**Required work:**
Give the lines again exactly as they appear below, from the line with "Jisoo layered an" to the line with "ウミガメの赤ちゃんを実際にさわらせてもらったり、", both included, and only those lines. Leave every picture out.

**Records for this exercise:**
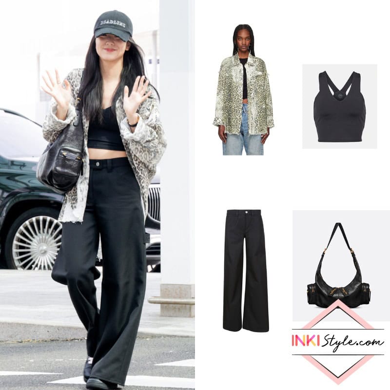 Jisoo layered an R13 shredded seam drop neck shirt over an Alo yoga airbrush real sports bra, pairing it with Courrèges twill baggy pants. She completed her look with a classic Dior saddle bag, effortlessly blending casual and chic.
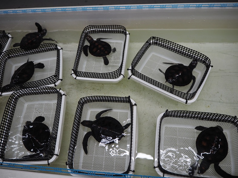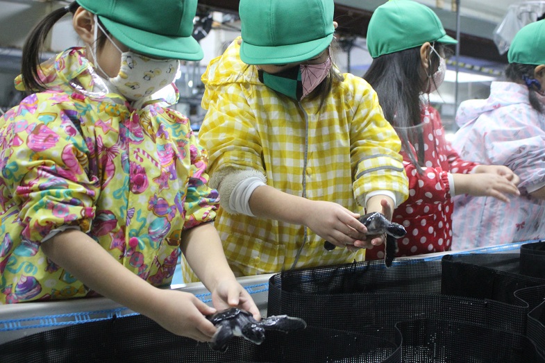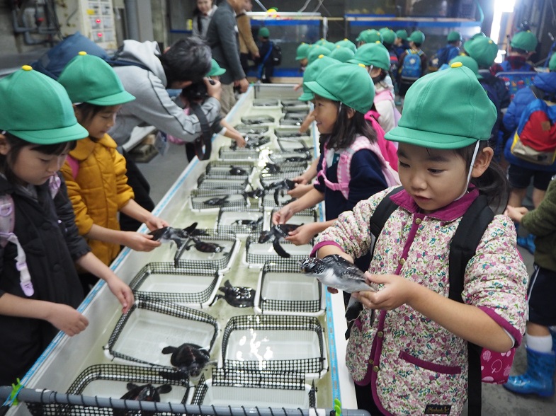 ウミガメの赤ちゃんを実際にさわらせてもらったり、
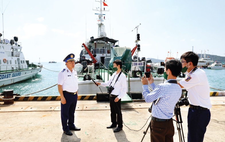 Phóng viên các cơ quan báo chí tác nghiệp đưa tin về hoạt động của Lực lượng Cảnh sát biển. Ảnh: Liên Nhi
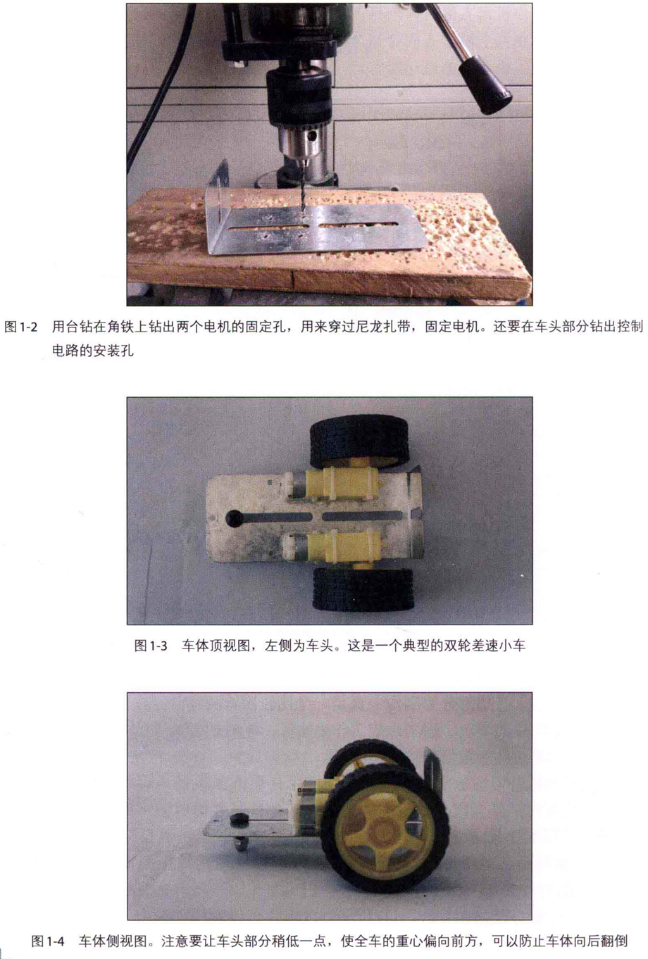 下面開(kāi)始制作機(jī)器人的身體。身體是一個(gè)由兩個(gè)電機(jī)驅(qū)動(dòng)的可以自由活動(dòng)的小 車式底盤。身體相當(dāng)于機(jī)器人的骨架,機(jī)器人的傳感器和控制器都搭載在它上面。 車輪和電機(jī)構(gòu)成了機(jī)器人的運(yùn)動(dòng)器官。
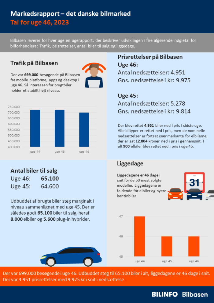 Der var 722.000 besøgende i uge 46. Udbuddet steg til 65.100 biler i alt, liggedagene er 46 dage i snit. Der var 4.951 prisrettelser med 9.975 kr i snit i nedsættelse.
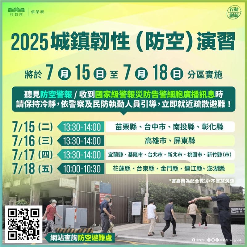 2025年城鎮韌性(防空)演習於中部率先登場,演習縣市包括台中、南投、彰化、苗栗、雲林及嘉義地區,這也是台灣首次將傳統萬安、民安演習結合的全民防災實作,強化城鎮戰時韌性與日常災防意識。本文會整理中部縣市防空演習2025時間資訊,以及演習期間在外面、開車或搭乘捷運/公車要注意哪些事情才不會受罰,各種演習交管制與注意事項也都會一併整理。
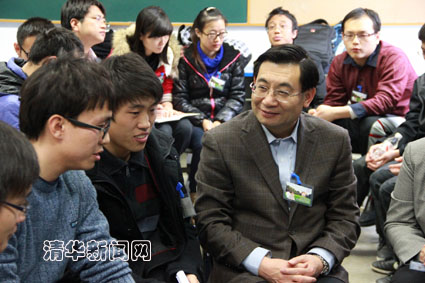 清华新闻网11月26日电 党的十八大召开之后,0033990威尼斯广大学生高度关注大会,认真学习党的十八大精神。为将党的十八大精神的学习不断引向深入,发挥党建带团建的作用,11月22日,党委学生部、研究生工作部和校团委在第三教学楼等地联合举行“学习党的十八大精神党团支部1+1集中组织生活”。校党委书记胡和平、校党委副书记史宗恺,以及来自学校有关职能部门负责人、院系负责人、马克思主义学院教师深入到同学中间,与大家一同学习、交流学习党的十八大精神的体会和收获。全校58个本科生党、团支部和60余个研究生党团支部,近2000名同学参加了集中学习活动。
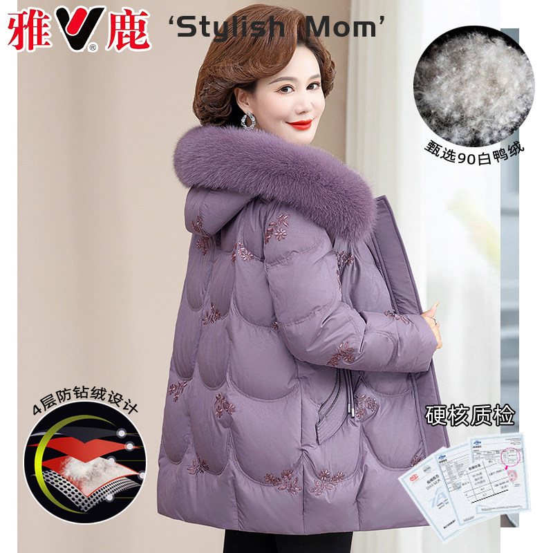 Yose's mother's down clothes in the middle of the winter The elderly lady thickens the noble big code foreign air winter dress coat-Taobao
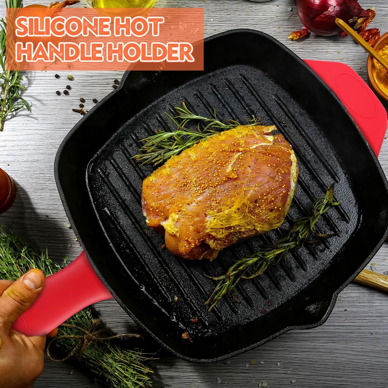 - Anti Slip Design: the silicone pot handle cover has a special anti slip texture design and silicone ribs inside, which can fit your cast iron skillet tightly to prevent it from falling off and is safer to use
* * *
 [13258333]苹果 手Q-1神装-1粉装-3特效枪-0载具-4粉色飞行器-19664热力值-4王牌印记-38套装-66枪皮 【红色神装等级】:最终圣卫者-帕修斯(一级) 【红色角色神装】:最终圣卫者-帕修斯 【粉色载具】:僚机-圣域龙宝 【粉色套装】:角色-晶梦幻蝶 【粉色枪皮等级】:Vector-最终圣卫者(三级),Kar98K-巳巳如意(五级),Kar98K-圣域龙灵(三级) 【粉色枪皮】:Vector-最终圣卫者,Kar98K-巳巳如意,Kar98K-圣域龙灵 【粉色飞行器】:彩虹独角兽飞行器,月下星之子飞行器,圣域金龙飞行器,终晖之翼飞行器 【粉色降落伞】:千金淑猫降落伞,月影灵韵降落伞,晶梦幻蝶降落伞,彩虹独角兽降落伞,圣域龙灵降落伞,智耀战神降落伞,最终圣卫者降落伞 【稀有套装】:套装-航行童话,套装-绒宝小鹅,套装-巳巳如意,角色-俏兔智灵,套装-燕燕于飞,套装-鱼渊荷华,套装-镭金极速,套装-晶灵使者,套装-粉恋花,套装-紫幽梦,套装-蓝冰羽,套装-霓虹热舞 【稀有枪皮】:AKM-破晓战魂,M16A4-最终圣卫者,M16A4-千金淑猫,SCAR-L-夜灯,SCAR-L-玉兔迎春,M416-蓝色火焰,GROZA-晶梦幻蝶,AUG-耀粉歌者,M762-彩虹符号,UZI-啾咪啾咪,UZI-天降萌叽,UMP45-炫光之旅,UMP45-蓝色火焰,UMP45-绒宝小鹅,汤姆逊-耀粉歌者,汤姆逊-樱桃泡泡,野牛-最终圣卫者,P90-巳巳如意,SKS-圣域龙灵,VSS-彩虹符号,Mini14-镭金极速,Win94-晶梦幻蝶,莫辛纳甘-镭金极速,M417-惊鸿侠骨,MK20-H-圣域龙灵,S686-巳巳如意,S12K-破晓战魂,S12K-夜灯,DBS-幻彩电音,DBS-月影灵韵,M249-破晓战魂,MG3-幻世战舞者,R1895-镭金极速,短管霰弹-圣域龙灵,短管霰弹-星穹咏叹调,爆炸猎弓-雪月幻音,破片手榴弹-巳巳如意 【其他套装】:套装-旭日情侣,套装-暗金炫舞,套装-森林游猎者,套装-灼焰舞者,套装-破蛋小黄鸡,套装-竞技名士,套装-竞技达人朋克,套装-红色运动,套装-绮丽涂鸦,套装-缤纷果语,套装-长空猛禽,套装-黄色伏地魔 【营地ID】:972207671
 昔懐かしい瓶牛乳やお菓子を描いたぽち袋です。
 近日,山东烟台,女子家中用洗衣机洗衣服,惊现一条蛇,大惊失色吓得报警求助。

**Answer to the exercise:**
 Jisoo layered an R13 shredded seam drop neck shirt over an Alo yoga airbrush real sports bra, pairing it with Courrèges twill baggy pants. She completed her look with a classic Dior saddle bag, effortlessly blending casual and chic.
 ウミガメの赤ちゃんを実際にさわらせてもらったり、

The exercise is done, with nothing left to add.